Source material —
***
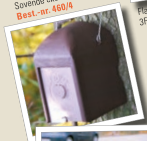
Sovende ekornreir 1KS Best.-nr. 460/4
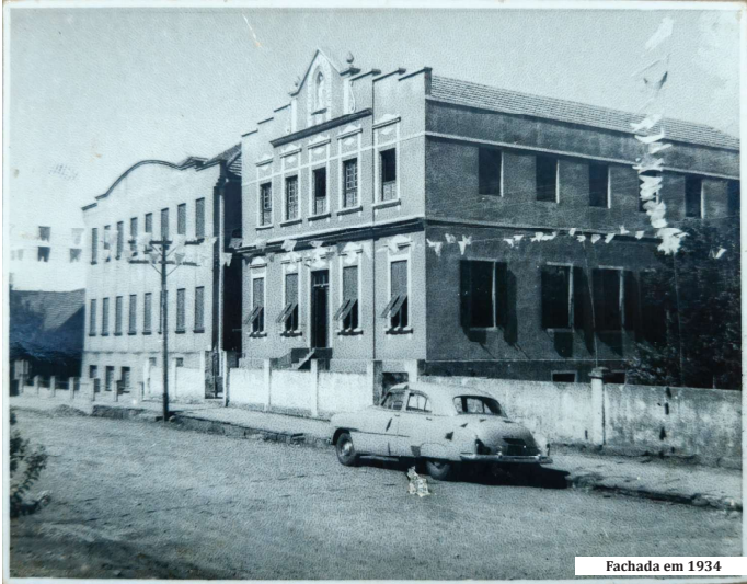
Fachada em 1934
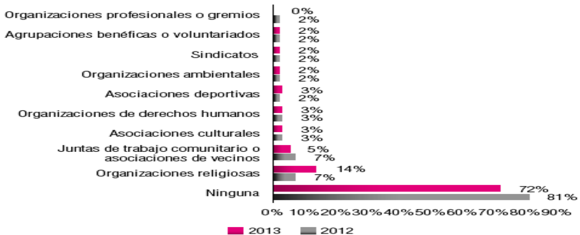
Ilustración 4. ENCUESTA DE PERCEPCIÓN CIUDADANA, MEDELLÍN CÓMO VAMOS 2013. Participación en organizaciones y/o grupos 5
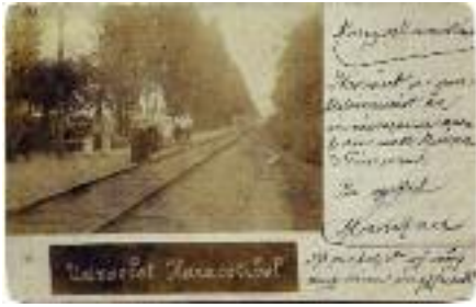
A HÉV-Felső megállója Haraszti Budapest irányába 1899-ben
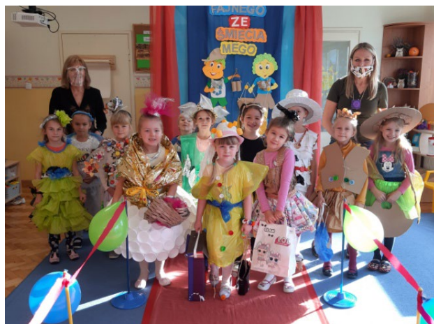
Pokaz mody ekologicznej w Przedszkolu w Charbrowie

Na pokazie można było zobaczyć strój ekologiczny sportowy, wieczorowo-wizytowy, codzienny, strój kosmonauty, robota itp. Ciekawym dodatkiem było nakrycie głowy, biżuteria i buty z surowców wtórnych. Za występ w pokazie mody ekologicznej i zaprezentowanie swojego stroju dzieci otrzymały dyplomy i nagrody.
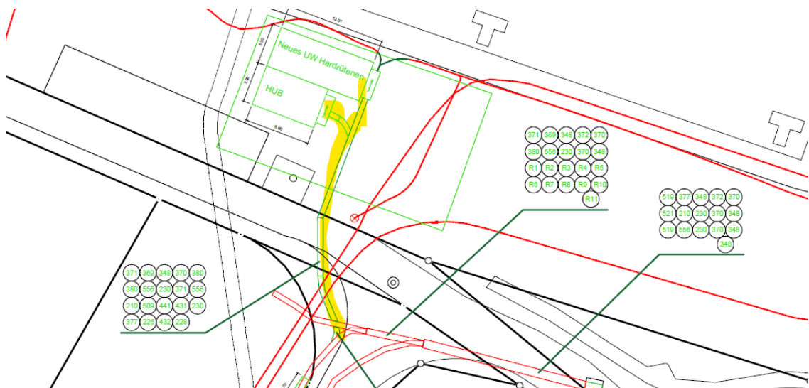
Abbildung 7; Kabeltrassen neuer Standort Unterwerk

Alle bestehenden Hauptkabel der EVS müssen bis im Jahr 2028 erneuert resp. ersetzt werden. Darunter fallen auch die Kabel, die vom AEW-Unterwerk Spreitenbach zum Übergabepunkt an das EVS am geplanten neuen Standort vorbeiführen. Auch diese genügen den Anforderungen der Einspeisung AEW – EVS nicht mehr und müssen unabhängig der Standortwahl in jedem Fall ersetzt/verstärkt werden. Mit dem neuen Standort müssen nur im Bereich der gelben Markierung die zu ersetzenden Kabel verlängert werden. Diese Verlängerung ist im vorliegenden Kreditantrag berücksichtigt.
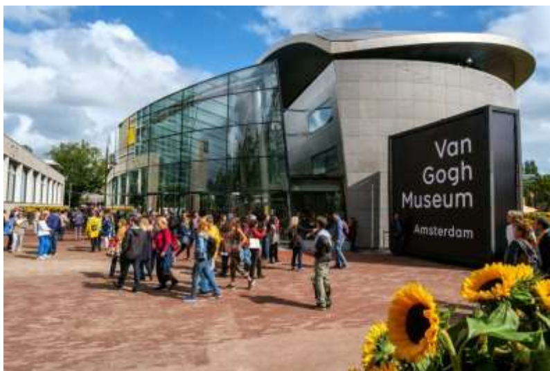
Museu Van Gogh, Amsterdam.

O Rijksmuseum, o MoMA, o Musée d'Orsay ou o museu de Van Gogh são alguns deles. É uma boa forma de aproveitar o isolamento.
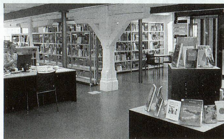
Der Bereich «Computer und Technik» mit dem zentralen Info-Desk.
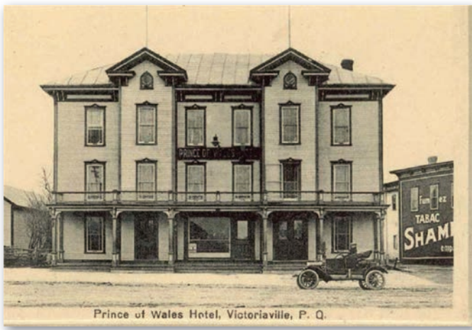
Prince of Wales Hotel, Victoriaville, P. Q.
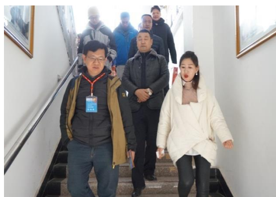
參訪延安實驗小學
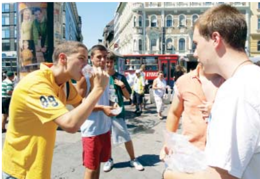
A 40 fokos kánikulában életet menthet egy „zacskó” hideg víz is
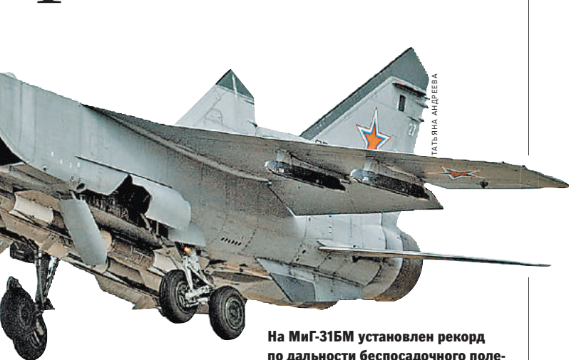
На МиГ-31БМ установлен рекорд по дальности беспосадочного полета — более 8 тысяч километров.

А еще МиГ-31 фактически не имеет ограничений по дальности полета. Многочасовое барражирование в небе ему гарантирует
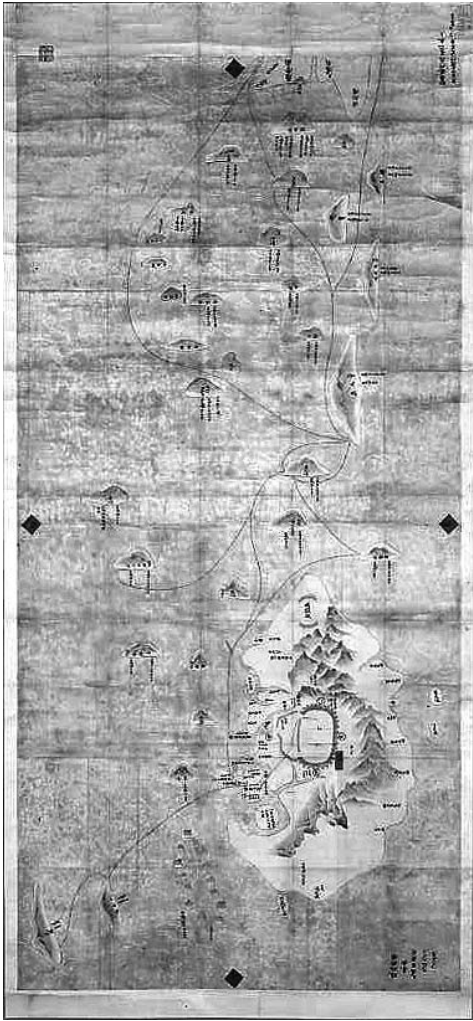
琉球地図（琉球国図）全体
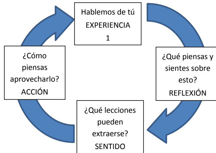
Gráfico 1: Proceso de mentoría
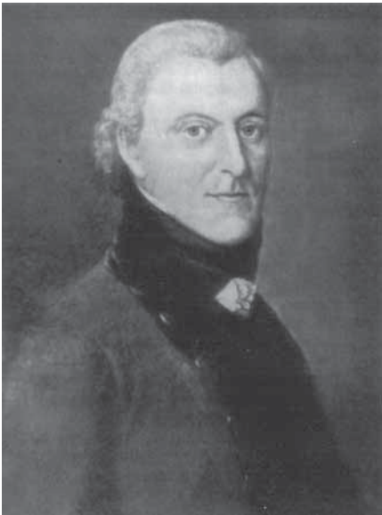
August Wilhelm Anton Neidhardt von Gneisenau (1760 - 1831). Deltog ved Saalfeld, Jena og Auerstedt 1806, hvor han såres. Forfremmes til major samme år. Efter sin indsats ved Kolberg fremmet til oberstløjtnant og medlem af den Militær-Reorganisationskommission, som genopretter den preussiske hær, så det forslår. Effekten af nyordningerne holdt sig til 1945. Da han betragtedes som "venstreorienteret", som følge af sine idéer om folkebevæbning, af kong Wilhelm III og de ledende kredse, fik han aldrig sin berettigede indflydelse eller de helt store militære poster betroet. Deltager som stabschef for Blücher ved Ligny og Waterloo, og er den der træffer beslutningen om at marchere Wellington til hjælp, i stedet for at trække sig tilbage mod nord for at holde hærens forbindelseslinier åbne. En ganske dristig beslutning, som afgør slaget ved Waterloo til Wellingtons fordel, hvor det ellers nok var gået galt. Ender som general-feltmarskal. Billedet er fra ca. ca 1800, og viser ham som kaptajn ved Füsilierbataillon von Rabenau i Jauer, Schlesien.

zist, hvilket faldt på beviserne. Meget belejligt omkom han så i stedet kort efter ved et biluheld!)
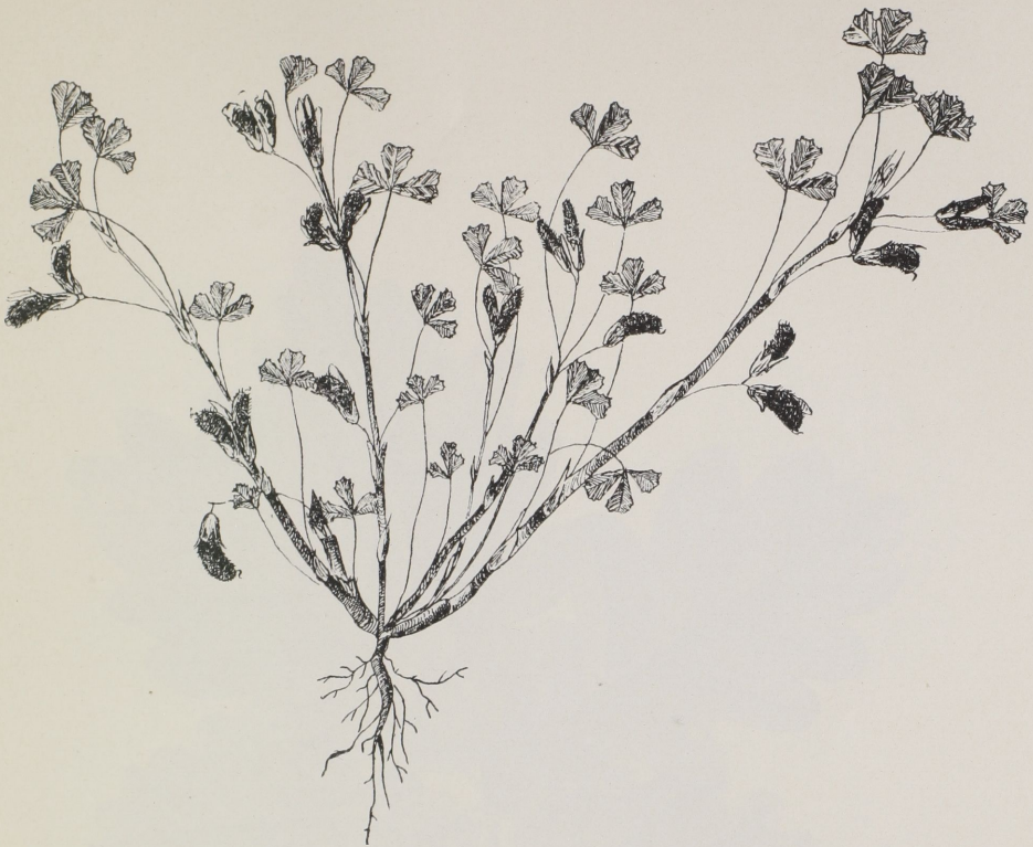
a) Trifolium perpusillum Simk., természetes nagyságban.
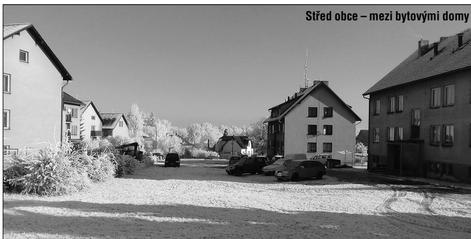
Střed obce – mezi bytovými domy

Naplánované výdaje vyjadřují nejdůležitější potřeby a zajistí jak běžný provoz, tak i rozvoj obce.
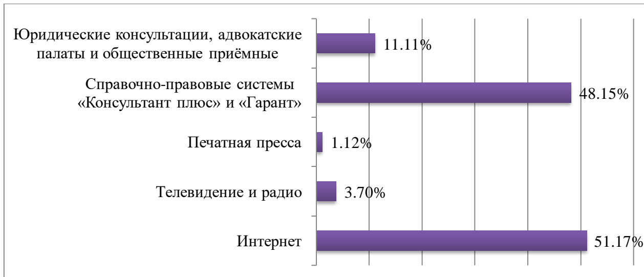
Рис. 5. Распределение ответов на вопрос: «Какой источник правовой информации Вы считаете наиболее удобным?»

Ответы экспертов на вопрос о наиболее удобных источниках правовой информации представлены на рисунке 5.
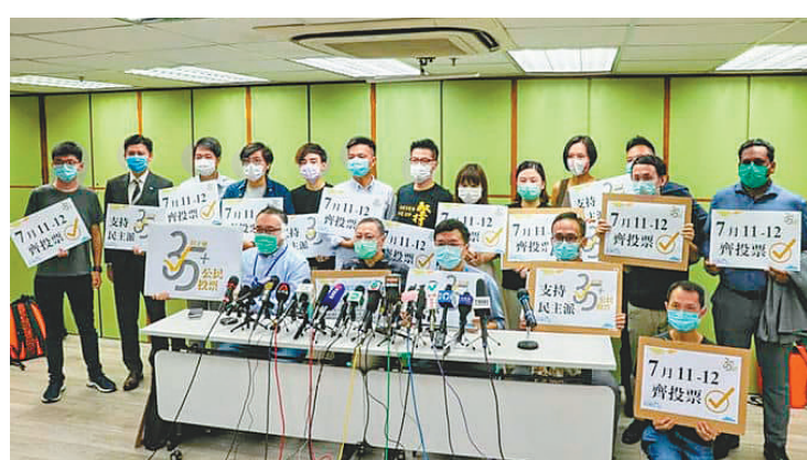
●當日戴耀廷（前排左二）與一眾政棍高調宣布舉行所謂「初選」。

雖然《刑事罪行條例》1996年訂立條文時，香港國安法尚未出現，但立法者當時肯定已預想有類似情況出現，才提到須按罪行的嚴重程度相稱，因此若要與香港國安法第二十二條刑罰相稱，必須採納條文的判刑下限，加上香港國安法清晰的立法意圖，唯一恰當詮釋必然為顛覆罪罰則以及最低刑期仍適用於本案。
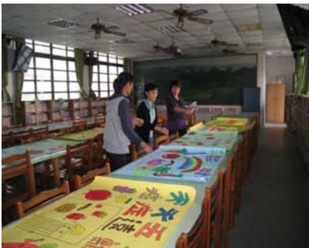
說明：「天天五蔬果」海報設計比賽，評審老師評分過程。
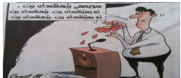
(رۆژناما ئەفرۆ، ژمارە 1350، دھوک، 2014)

ھەرەسا ئەگەر تەماشەیی ئەفی وینەین کاریکاتییدا ل خوارى بکەین :
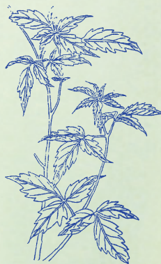
常山：本品苗名蜀漆，根名常山。
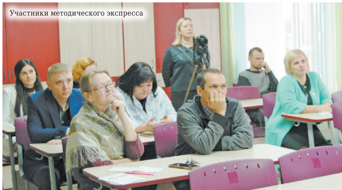
Участники методического экспресса
***
No pictures belong in the copy. Return exactly the lines from the line containing "常山：本品苗名蜀漆，根名常山。" through the last line of the listing.

常山：本品苗名蜀漆，根名常山。
Участники методического экспресса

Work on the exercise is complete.